12. The method of preparing useful materials of claim 8, further
comprising a unit for supplying pentose to the fermented solution
supply unit for supplying a fermented solution discharged from the
hexose fermenter.
13. The method of preparing useful materials of claim 8, further
comprising a unit for supplying a lignin discharged from the lignin
discharge unit disposed at the bottom of the hexose fermenter to a
middle of the pentose fermenter.
14. The method of preparing useful materials of claim 8, further
comprising a unit for separating a lignin discharged from the
lignin discharge unit disposed at the bottom of the pentose
fermenter.
Description
CROSS-REFERENCE TO RELATED APPLICATION
[0001] This application claims priority to Korean Patent
Application No. 10-2015-0162793 filed Nov. 19, 2015, the disclosure
of which is hereby incorporated in its entirety by reference.
TECHNICAL FIELD
[0002] The present disclosure relates to a continuous fermenter for
sequential fermentation of hexose and pentose, and particularly, a
continuous fermenter for sequential fermentation of hexose and
pentose, characterized by including (a) a hexose fermenter equipped
with a saccharified solution supply unit containing hexose, pentose
and lignin, a plurality of trays closing at least half of the
diameter of the fermenter, impellers disposed on each of the trays,
an impeller driving unit, a lignin discharge unit disposed at the
bottom of the fermenter, a fermented solution discharge unit, and a
temperature control jacket; and (b) a pentose fermenter equipped
with a fermented solution supply unit for supplying the fermented
solution discharged from the hexose fermenter, a plurality of trays
closing at least half of the diameter of the fermenter, impellers
disposed on each of the trays, an impeller driving unit, a lignin
discharge unit disposed at the bottom of the fermenter, a fermented
solution discharge unit, and a temperature control jacket.
BACKGROUND ART
[0003] Biofuel is drawing attention as new alternative energy for
replacing fossil energy on which mankind is currently entirely
dependent. Further, there is a constantly increased demand for
development of bio-based products produced from reproducible
biomass.
[0004] At present, among biomass resources, bioethanol using sugar
cane or corn as a raw material is actively prepared in the United
States, Brazil, etc. This is because sugar cane or corn contains a
lot of sucrose or starch, and it is easy to prepare a sugar
solution therefrom and ferment it. However, sugar cane or corn is
originally food, and in the case of using them as a raw material,
there is a serious problem in that competition with food or feed
occurs to cause a rise of raw material price. Thus, a technique for
using non-edible biomass as a raw material is currently
developed.
[0005] The non-edible biomass includes lignocellulosic biomass, and
this may be utilized as an easily storable and transportable energy
source or heat source such as bioethanol and biobutanol which may
replace oil energy, and also its research value as a material for
producing alternative chemical raw materials of petroleum products
such as plastics is increasing. However, for economical mass
production of various biochemicals and biomaterials by microbial
fermentation from biomass, a technique capable of economical mass
production of fermented sugar such as hexose and pentose is
required.
[0006] Lignocellulosic biomass is composed of three main
constituents of cellulose, hemicellulose and lignin, of which
cellulose and hemicellulose are carbohydrates and may be converted
to high value-added products through microbial fermentation after
undergoing a saccharification process using an enzyme or acid.
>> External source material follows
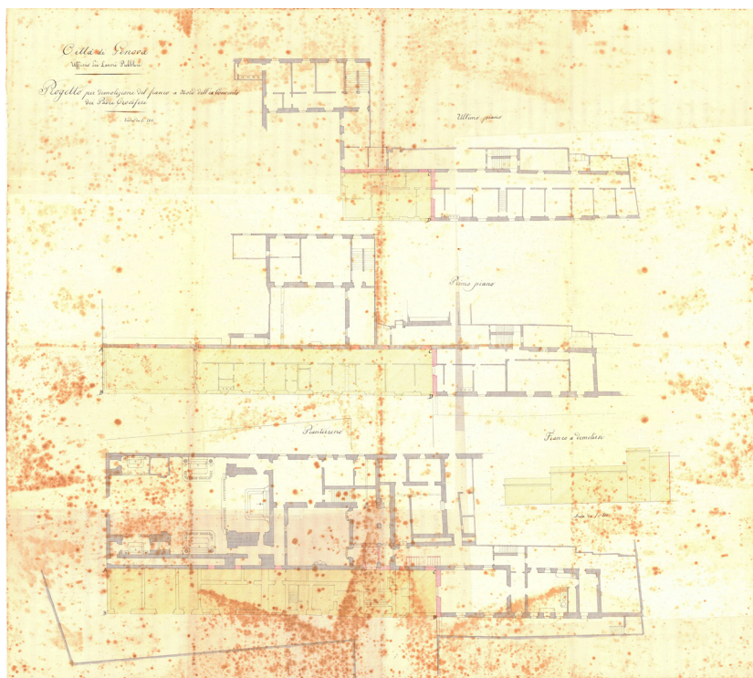
Fig. 2. Progetto per demolizione del fianco a nord dell'ex Convento dei Padri Crociferi [1880] (APP, faldone Santa Croce).

alla chiesa. Il progetto prevede l'allargamento del sedime stradale con la demolizione della manica del complesso addossata al fronte nord della chiesa (Figura 2). Le vicende della seconda metà del XX secolo incidono ulteriormente sulla sede Camilliana: il convento e il tessuto storico limitrofo, incluso l'ospedale di Pammatone, vengono demoliti secondo quanto previsto dal piano particolareggiato di Piccapietra del 1953 15 . Nel caso del complesso, il piano prevede una demolizione completa del convento e la successiva costruzione di una nuova canonica su un'area adiacente. L'esecuzione del progetto comporta la necessità di reintegrare la lacuna architettonica connessa alla messa in luce del lato absidale della chiesa a seguito della demolizione. Nel

Further, a process for producing chemical products, bioenergy, etc.
from lignocellulosic biomass may be divided into (i) pretreatment
for removing the constituents inhibiting the reaction of the enzyme
and microorganisms, and improving accessibility of the enzyme to
cellulose and hemicellulose, (ii) enzymatic saccharification of
converting cellulose and hemicellulose into fermentable saccharides
by enzymatic hydrolysis, and (iii) microbial fermentation of
converting the thus-produced sugars into a product using yeast,
bacteria, and the like.
[0007] In particular, in the case of using a batch fermenter in the
microbial fermentation, fermentation time is long, and thus,
several fermenters should be installed for implementing a
continuous operation, and due to the universal characteristic of
fermentation strains, pentose is consumed after hexose is consumed,
in which there is a difference in each fermentation condition.
Further, in the case of batch fermentation, residual lignin after
saccharification is also contained in the fermenter together, which
inhibits the contact of the strains with sugar to cause long
fermentation time and a high energy cost for agitation.
[0008] Korean Patent Publication No. 1261560 discloses a continuous
saccharification fermenter of a device for preparing fermentable
sugars, however, there is a difficulty in satisfying the
fermentation condition of each sugar since one saccharification
fermenter is used.
[0009] Thus, the present inventors exerts all possible efforts in
order to develop a fermentation system capable of minimizing
residual sugars after fermentation by differentiating the optimal
fermentation condition of strains, through separated fermentation
of hexose and pentose, and as a result, have developed a
fermentation system, in which a bottom-up hexose fermenter and a
top-down pentose fermenter are installed separately, and trays
closing at least half of the diameter of the fermenter are disposed
within each fermenter. As a result of supplying and fermenting a
lignin-containing saccharified solution using the fermentation
system, it was confirmed that the fermentation productivity was
improved, thereby completing the present disclosure.
DISCLOSURE OF INVENTION
[0010] The present disclosure is directed to providing a continuous
fermenter for sequential fermentation of hexose and pentose having
an improved fermentation productivity, using a fermentation system
in which a hexose fermenter and a pentose fermenter are separately
installed, and trays closing at least half of the diameter of the
fermenter are disposed within each fermenter.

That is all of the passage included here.